There was nothing initially to indicate that this was going to be such a difficult year for me except perhaps the second chance business at home.
So many of the students lived in the West Los Angeles and Beverly Hills area that a private bus service was arranged to take us to and from school twice a month. At first I went home every other weekend just like everyone else. But these weekends were not going very well and I knew it. Because we were chronically short of help there seemed to be an unending list of things I was supposed to do when I got home. Many times I spent most of Saturday doing the laundry and hanging it out on the lines and then folding it and taking the different piles to their proper destination. There was always my room to be cleaned from top to bottom even though it had hardly been used. If mother was having company, there was silver to be polished and extra housework. The only thing I really enjoyed doing was setting the table with the beautiful silverware and crystal and china. It looked so lovely afterwards that I often wished I had a picture of it. In the evening when the guests came I would tend bar and sometimes help serve dinner.
I would be fine on Friday when I first got home. By Saturday I would be tired and on Sunday I’d be nervous all over again. It was not unusual for me to loose weight during those weekends because mother was after me all the time. Either I hadn’t done something properly or I moved too slowly. She literally kept us running from the time we g
ot up until long after dinner. Chris was about eight now and beginning to feel the brunt of the work too. More than once she kept him up until after midnight scrubbing the floor of the dining room in which we ate. She made him do that floor over time after time as she found one flaw or another first in his work and then in his attitude.

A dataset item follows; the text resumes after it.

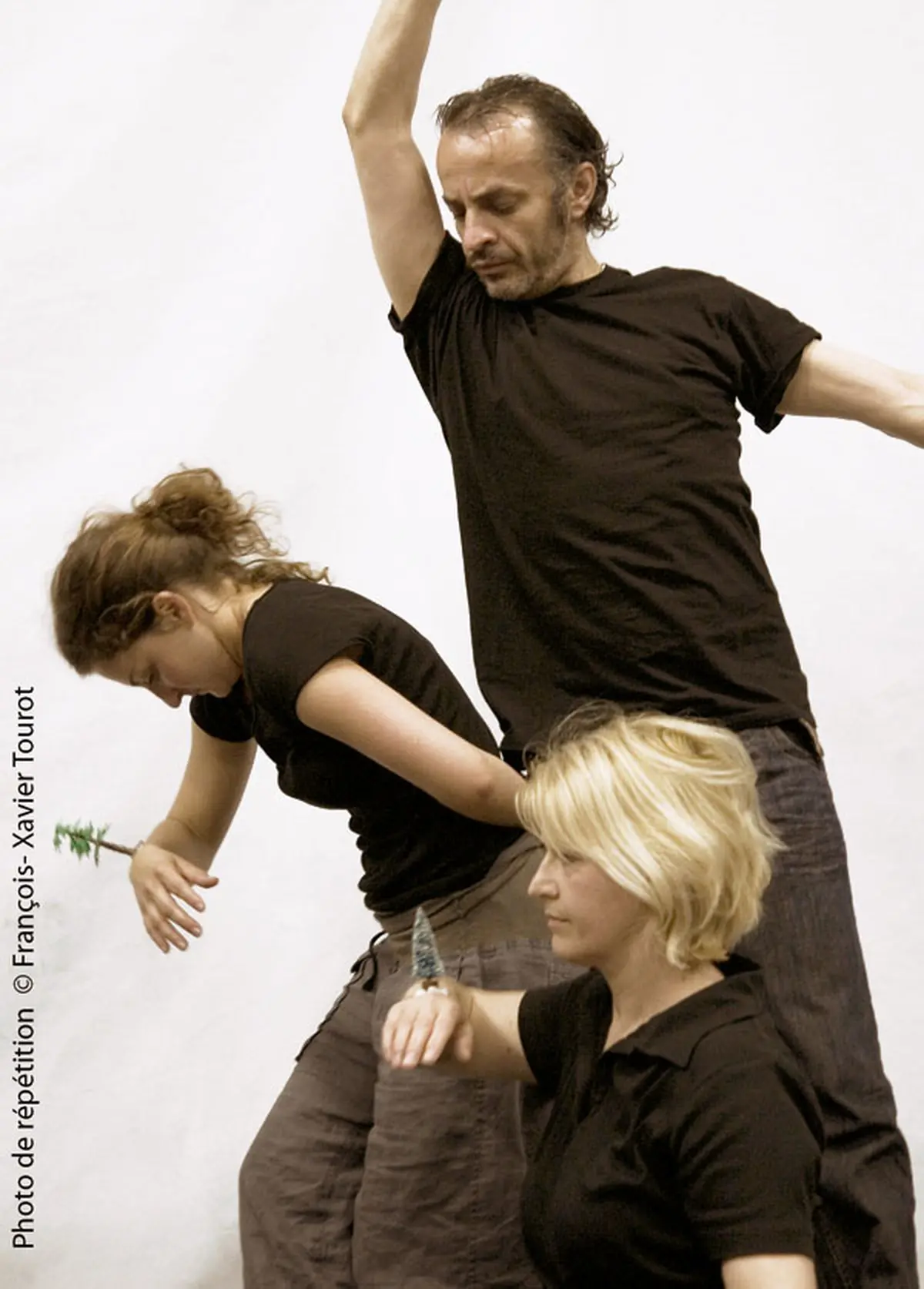 Un homme traverse le plateau, une lune perchée sur son épaule. Une femme se promène avec un couteau planté dans le dos. Ailleurs, un arbre a poussé sur le bras d’une femme... Mladen Materic propulse ses personnages oniriques dans un espace qui évolue au gré de leurs relations de séduction, répulsion, domination ou soumission.

The worst part of it was that I couldn’t do anything to help him. If I opened my mouth, both of us got in trouble. Mother’s strategy was one of divide-and-conquer. One of us kids had to be in trouble all the time. Now it was Chris’s turn to be the family scapegoat. I was at school most of the time and the girls were still too young. Mother also whipped Chris at the slightest provocation. In just a few brief years Chris had gone from being the fair-haired son to taking the brunt of mother’s wrath impatience.
He was just at the stage when he wanted to ride bikes and play ball and go swimming all day and here he was held captive in a house full of nothing but women. There was no father to play with, no man to understand from his own childhood what a young boy goes through growing up. I got the impression that mother never really tried to understand either.

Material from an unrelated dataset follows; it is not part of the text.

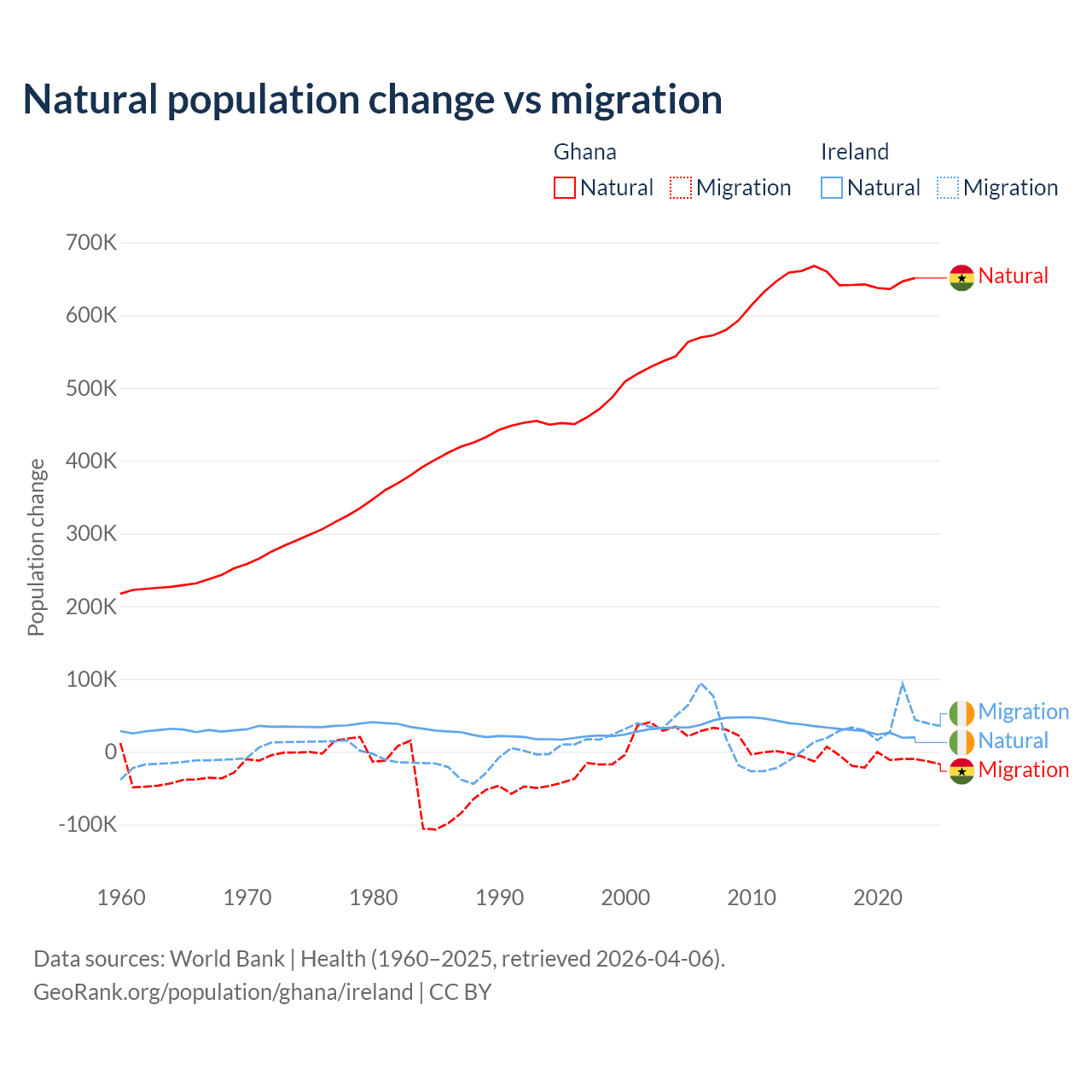 Over the last 10 years, 98.6% of the population change in Ghana is from natural causes (a gain of 6,484,449 people) and 1.37% is from migration (a loss of 90,310 people). In Ireland 48.2% is from natural causes (a gain of 284,644 people) and 51.8% is from migration (a gain of 305,297 people).

Despite the insistence and urging of several of her male friends, she refused to hear any compromise. She never changed any of the rules to accommodate a boy and Chris was forced into playing catch with the nurse and riding his bike around the pool. When he had a friend over they had to be careful about the flower beds and making too much noise. But rarely was he allowed to go to other boys’ homes and almost never to ride his bike on the wide empty streets around our house. Most of the whippings and the trouble he got into would have seemed cruel indeed in any other circumstance.